At the hearing of the application, I heard rival arguments made Mr. Amin on behalf of the defendant and by Mr. Wangila on behalf of the plaintiffs.  I have carefully considered the said submissions.  I have also read the pleadings filed by the parties in support of their respective opposing positions.  It is clear from the arguments presented to the court that the bad blood between the plaintiffs and the defendant is still at play.  It appears that the plaintiffs and the defendant cannot reach consensus on the arbitrator to be appointed so as to give effect to the direction of the court for the determination of the fair market value of the 10% shareholding that was the subject of the suit. I agree with the defendant that the unresolved issue regarding the determination of the fair market value of the disputed shares has taken too long and therefore the court should intervene and give appropriate directions.  I do not accept the proposal by the defendant that the court re-open the case and consider the evidence adduced by the auditor appointed  for the time being appointed by the defendant company in his capacity as an expert witness.  I am not persuaded that with the current state of affairs the plaintiffs and the defendants will agree on one person to determine the fair market value of the shares.  This court will therefore give the following directions with a view to giving effect to the judgment of this court.

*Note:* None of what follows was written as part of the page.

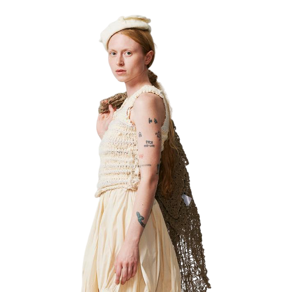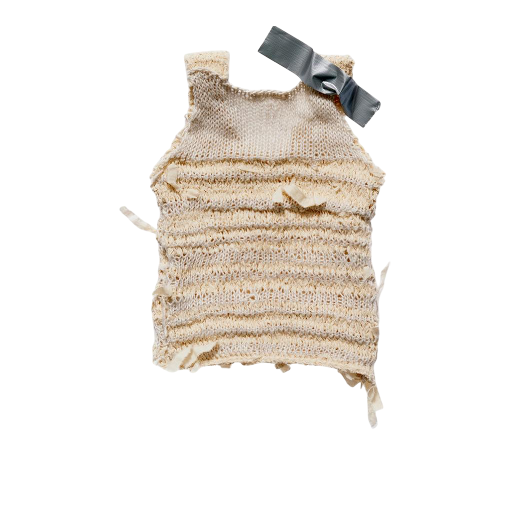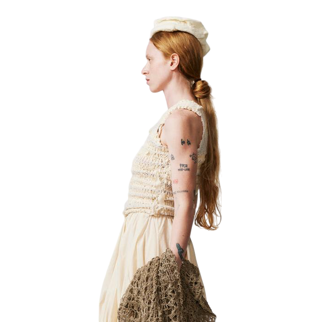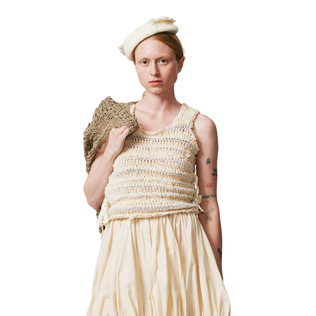 Handcrafted in our Madrid studio, the Lu Top is a fitted, hand-knitted tank top adorned with pieces of retor thread throughout. Made entirely by hand using repurposed retor scraps and organic cotton yarn, each top is unique, celebrating artisanal craftsmanship and sustainability.

According to article 9(iv) of the articles of association of the defendant company:

“In case any difference arises between the proposing transferor and the purchasing member as to the fair value of a share the Auditor (for the time being of the Company shall, on the application of either party, certify in writing the sum which, in his opinion, is the fair value, and such sum shall be deemed to be the fair value, and in so certifying the Auditor shall be considered to be acting as an expert and not as an arbitrator, and accordingly the arbitration Act (Chapter 49, of the Laws of Kenya) shall not apply.”

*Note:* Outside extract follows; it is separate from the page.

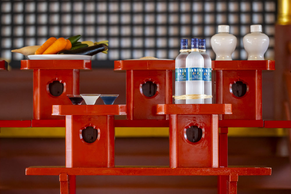 店内は高い天井に、中国の伝統的な薬局を思わせる引き出しが壁一面を覆っている一方で、モダンなアートピースも優雅に空間を彩っている。

The said article envisage that the auditor of the company would give a fair market value of the shares of the company.  The presumption that the auditor would give a fair market value of the said shares is made on the assumption that the proposed transferor and the proposed purchaser would be negotiating on the price without compulsion of a court order.  To resolve the dispute as to which auditor shall determine the fair market value of the shares of the company, I direct the plantiffs and the defendant to each nominate an auditor of their/its choice.  The two auditors shall constitute the panel of arbitrators that shall determine the fair market value of the 10% shareholding that was the subject matter of the suit.  Each party shall pay the appointed auditor.  In the event of disagreement between the two auditors, the plaintiffs and the defendant shall propose the name of an umpire who shall be appointed by the court to determine the points of disagreement.  So that the dispute does not further drag, the parties herein are ordered to appoint the said auditors within seven (7) days of today’s date.  The auditor shall determine the fair market value of the shares within thirty (30) days of their appointment.  Thereafter, if need be, the parties shall move the court for the appointment of an umpire.  For the avoidance of doubt, any partner in the firm of Manohar Lall Rai, certified public accountants, the current auditors of the defendant, shall not be appointed as auditors for the purposes of determining the true market value of the shares in question.

It is this court’s hope that the outstanding issues between the plaintiffs and the defendants shall be resolved in the proposed audit to avoid escalation of further costs.  There shall be no orders as to costs.  Each party shall be at liberty to apply.

DATEDat NAIROBIthis12THday ofJUNE 2009.